Curried Coconut and Seafood Chowder
Chowders and curries alone are considered to be rich and comforting dishes,imagine combining these two it would yield a really potent dish. Today you don’t have to imagine further as we will be making one at home. Initially I thought of just mixing the same original ingredients but I guess the flavours would be really rich and will be hard to consume on its own so I have to mellow down some of its main ingredients for it to be more palatable. The key here is balancing the right flavour which gives a creamy yet perfectly spiced thick soup.
Curried Coconut and Seafood Chowder is the one we are making for today, it’s a good mix of different seafood’s like prawns, squid, fish and mussels in a starchy creamy curry based soup. Alongside with potatoes this dish becomes an all-in-one dish. Furthermore, what is amazing is that this dish is very simple to prepare and you can also use the frozen mixed seafood packs you can buy from your supermarket to save you time and energy.

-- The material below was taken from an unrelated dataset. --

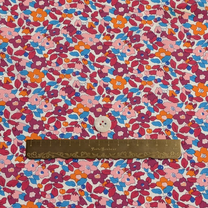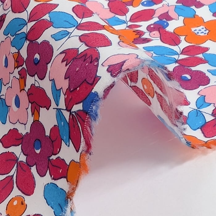 ・輸入リバティプリントは、ミミ端に色抜けやズレがあるため、当店では有効生地幅を約130cmとご案内しております。
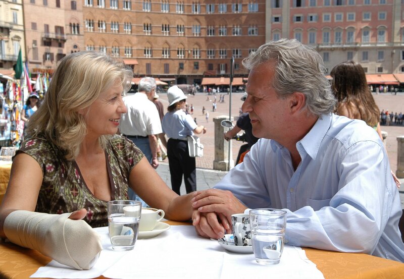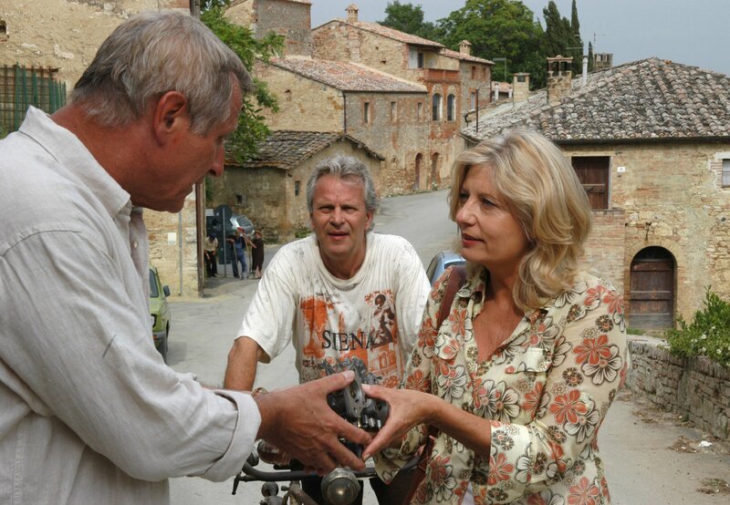 Nach vielen Jahren glücklicher Ehe haben Juliane und ihr Mann Max sich auseinandergelebt und stehen nun kurz vor der Scheidung. Eigentlich verstehen die beiden sich noch immer recht gut, doch als Max bei der Abiturfeier des gemeinsamen Sohnes mit seiner wesentlich jüngeren Freundin auftaucht, kommt es zum Eklat. Von ihrem Noch-Ehemann verärgert und enttäuscht, reist Juliane in die Toskana, wo sie den deutschen Olivenbauer Nikolaus kennenlernt. Vom ersten Moment an scheint es zwischen den beiden gewaltig zu funken. Dann aber taucht völlig überraschend Max in der Toskana auf - und plötzlich werden alte Gefühle wieder wach. Die romantische Liebeskomödie "Einmal Toskana und zurück" liefert nicht nur einen Ausflug in die malerische Landschaft Norditaliens, sondern auch tiefe Einblicke in das Seelenleben seiner Protagonisten; mit Sabine Postel, Konstantin Wecker und Peter Sattmann. Einst ein glückliches Paar mit gemeinsamen Idealen und Zielen, haben Juliane (Sabine Postel) und Max (Peter Sattmann) nach vielen Jahren Ehe erkannt, dass sie sich auseinandergelebt haben: Während Juliane in ihrem Feinkostladen biologisch hochwertige Lebensmittel aus Italien verkauft, arbeitet der Arzt Max mittlerweile als Schönheitschirurg und pflegt einen luxuriösen Lebensstil. Seit zwei Jahren leben die beiden schon getrennt, nun steht als letzter Schritt der Scheidungstermin bevor. Aber die Idee einer einvernehmlichen Trennung erweist sich auch hier als Illusion: Als Max bei der Abiturfeier des gemeinsamen Sohnes Jonas (Sebastian Fischer) mit seiner wesentlich jüngeren Freundin und Kollegin Tanja (Katja Weitzenböck) auftaucht und Jonas zu allem Überfluss auch noch ein neues Auto zum Abi schenkt, platzt Juliane der Kragen. Nach einem heftigen Streit mit ihrem Noch-Ehemann reist sie in die Toskana - jene Gegend, wo einst die Liebe zwischen ihr und Max ihren Anfang nahm. Kaum angekommen, lernt sie zufällig den deutschen Olivenbauern und Pensionswirt Nikolaus (Konstantin Wecker) kennen. Vom ersten Moment an fühlen die beiden sich zueinander hingezogen. In dem sensiblen Auswanderer scheint Juliane endlich die Chance auf eine neue Liebe zu finden. Dann aber taucht völlig überraschend Max in der Toskana auf, der seiner Noch-Ehefrau in einem Anflug von Nostalgie und Wehmut gefolgt ist. Gemeinsam schwelgen die beiden in Erinnerungen an unbeschwertere Zeiten - und schon bald werden alte Gefühle wieder wach. Die Situation wird nicht einfacher, als auch Tanja in die Toskana reist, um Max nach München zurückzuholen. War es für Max doch nur ein kurzes Aufflackern längst verloschener Gefühle? Und hat Juliane in dem naturverbundenen Nikolaus nicht einen Mann gefunden, der viel besser zu ihr passt als der Karrierist Max? Als der Tag des Scheidungstermins schließlich da ist, kommt es jedenfalls zu einer Wendung, mit der kaum jemand gerechnet hat. Mit "Einmal Toskana und zurück" hat Imogen Kimmel eine bezaubernde Romantikkomödie inszeniert. Vor der malerischen Kulisse Norditaliens erzählt der Film eine Geschichte von alten Beziehungen und neu erwachter Liebe. Die Hauptrollen spielen Sabine Postel, Peter Sattmann und der Liedermacher Konstantin Wecker. In weiteren Rollen sind Katja Weitzenböck als verständnisvolle Geliebte, Sebastian Fischer als verliebter Sohn und Hans Peter Hallwachs als deutscher Auswanderer in Italien zu sehen.

- 700 g Seafood Mix or any combination of shrimps, fish, mussels, squid, scallops, and lobster tails, etc.
- 2 large potatoes, cubed
- 1 red capsicum / bell pepper, cubed
- 400 ml coconut cream
- 1 litre seafood stock
- 4 tbsp flour
- 2 tsp curry powder
- 1 tsp minced ginger
- 3 tbsp chopped parsley
- 6 pcs curry leaves
- ½ stalk leeks, finely chopped
- 2 stalks celery, finely chopped
- 3 cloves garlic
- 3 tbsp butter
- freshly ground black pepper
- In a soup pot add butter and melt it in low heat, add the leeks, celery, garlic, ginger and curry powder then cook in low heat for 5 minutes or until soft.
- Sprinkle in the flour and cook while mixing until it forms a roux.
- Slowly add the seafood stock continuously stirring until smooth, add the potatoes and capsicum bring it to a gentle boil then simmer for 5-7 minutes or until potatoes are tender.
- Add the seafood mix then simmer for 3 more minutes.
- Add the coconut cream and chopped parsley simmer for 2 more minutes, season with salt and freshly ground black pepper then serve in bowls.